WORK REQUEST: Apart from the images, repeat the data below exactly as written.

INPUT DATA:
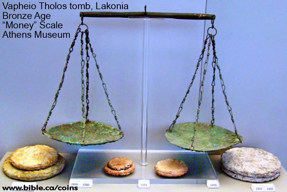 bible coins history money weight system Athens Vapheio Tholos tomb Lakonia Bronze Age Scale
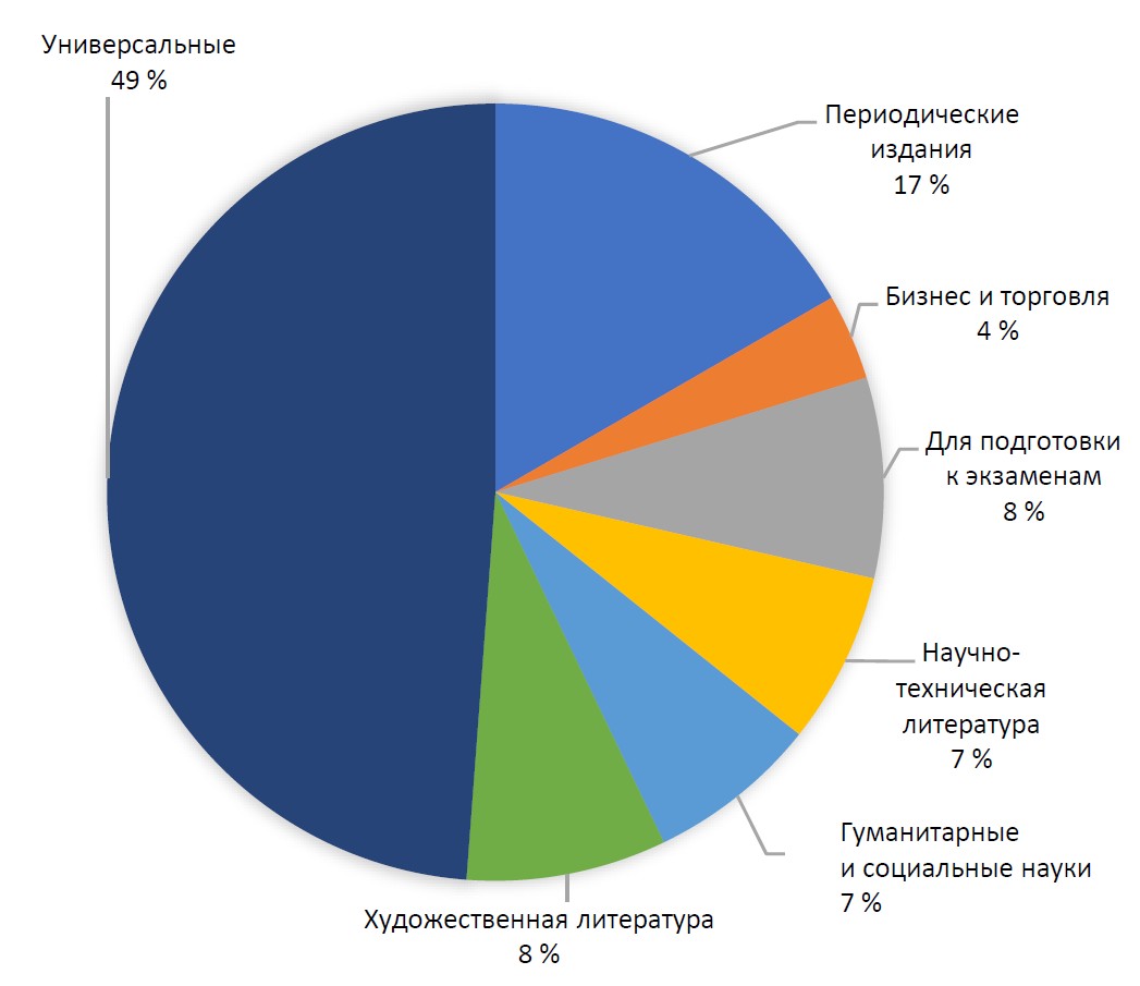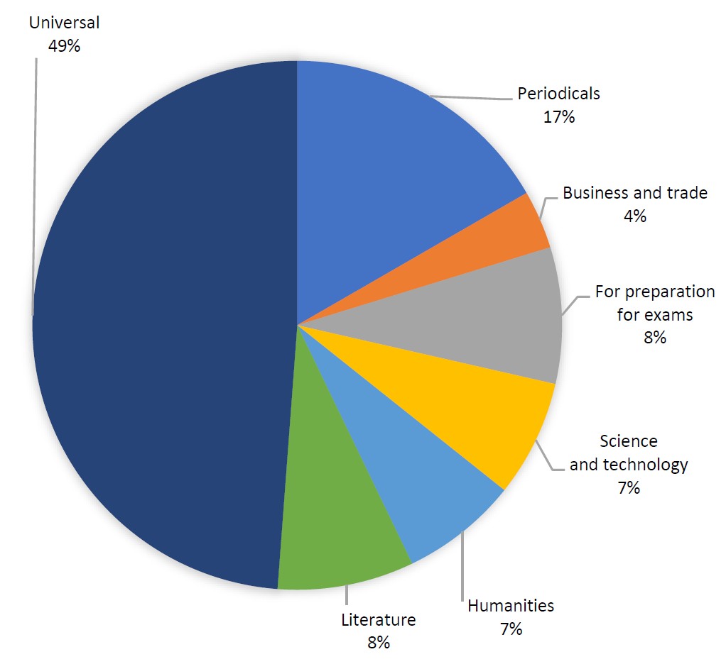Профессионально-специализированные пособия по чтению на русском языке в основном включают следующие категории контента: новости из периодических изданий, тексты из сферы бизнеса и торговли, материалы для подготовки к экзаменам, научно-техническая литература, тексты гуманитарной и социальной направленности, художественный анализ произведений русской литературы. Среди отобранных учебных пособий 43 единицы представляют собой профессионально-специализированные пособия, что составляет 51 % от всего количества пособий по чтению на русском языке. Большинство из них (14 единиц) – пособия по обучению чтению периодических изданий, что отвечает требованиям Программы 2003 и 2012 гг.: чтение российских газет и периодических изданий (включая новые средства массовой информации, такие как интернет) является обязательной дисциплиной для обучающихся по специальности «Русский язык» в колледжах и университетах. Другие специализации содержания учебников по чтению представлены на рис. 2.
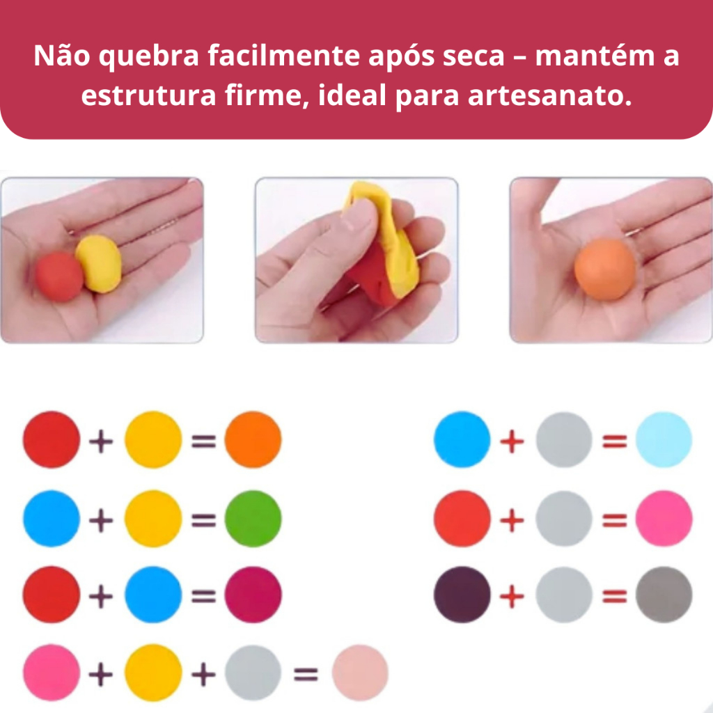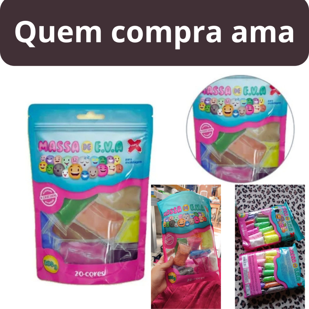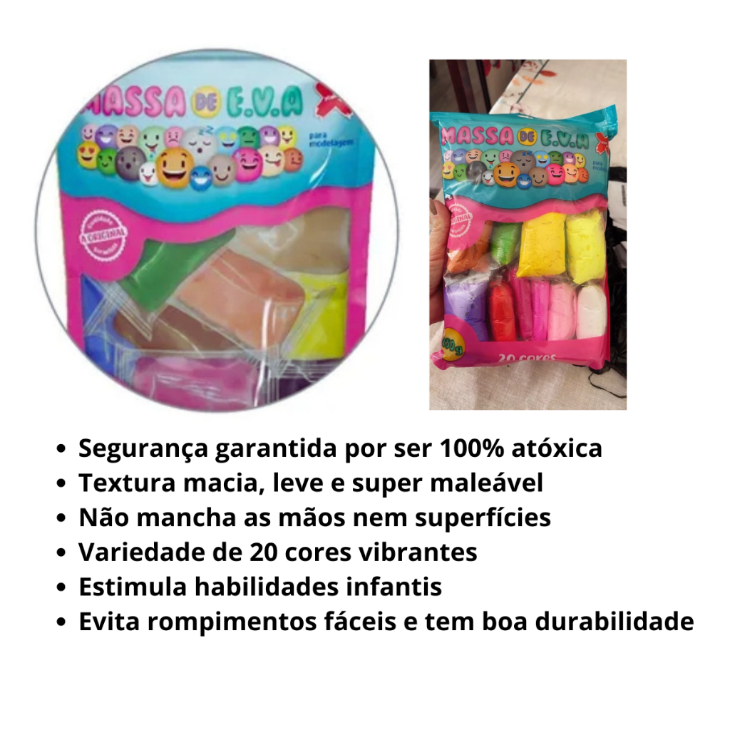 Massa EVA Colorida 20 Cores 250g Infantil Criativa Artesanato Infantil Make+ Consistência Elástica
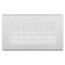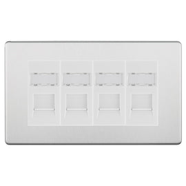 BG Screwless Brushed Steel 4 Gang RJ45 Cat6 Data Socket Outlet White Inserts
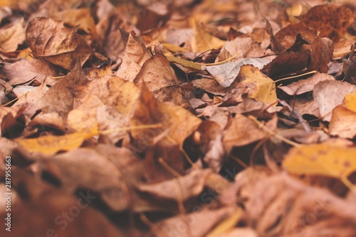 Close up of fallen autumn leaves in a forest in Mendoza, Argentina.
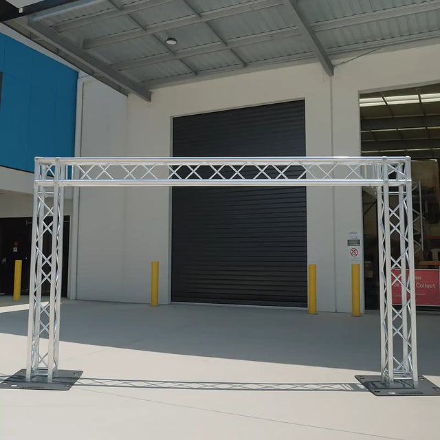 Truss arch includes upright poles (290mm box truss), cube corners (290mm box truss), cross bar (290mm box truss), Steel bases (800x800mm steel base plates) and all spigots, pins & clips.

SOLUTION:
 bible coins history money weight system Athens Vapheio Tholos tomb Lakonia Bronze Age Scale
Профессионально-специализированные пособия по чтению на русском языке в основном включают следующие категории контента: новости из периодических изданий, тексты из сферы бизнеса и торговли, материалы для подготовки к экзаменам, научно-техническая литература, тексты гуманитарной и социальной направленности, художественный анализ произведений русской литературы. Среди отобранных учебных пособий 43 единицы представляют собой профессионально-специализированные пособия, что составляет 51 % от всего количества пособий по чтению на русском языке. Большинство из них (14 единиц) – пособия по обучению чтению периодических изданий, что отвечает требованиям Программы 2003 и 2012 гг.: чтение российских газет и периодических изданий (включая новые средства массовой информации, такие как интернет) является обязательной дисциплиной для обучающихся по специальности «Русский язык» в колледжах и университетах. Другие специализации содержания учебников по чтению представлены на рис. 2.
 Massa EVA Colorida 20 Cores 250g Infantil Criativa Artesanato Infantil Make+ Consistência Elástica
 BG Screwless Brushed Steel 4 Gang RJ45 Cat6 Data Socket Outlet White Inserts
 Close up of fallen autumn leaves in a forest in Mendoza, Argentina.
 Truss arch includes upright poles (290mm box truss), cube corners (290mm box truss), cross bar (290mm box truss), Steel bases (800x800mm steel base plates) and all spigots, pins & clips.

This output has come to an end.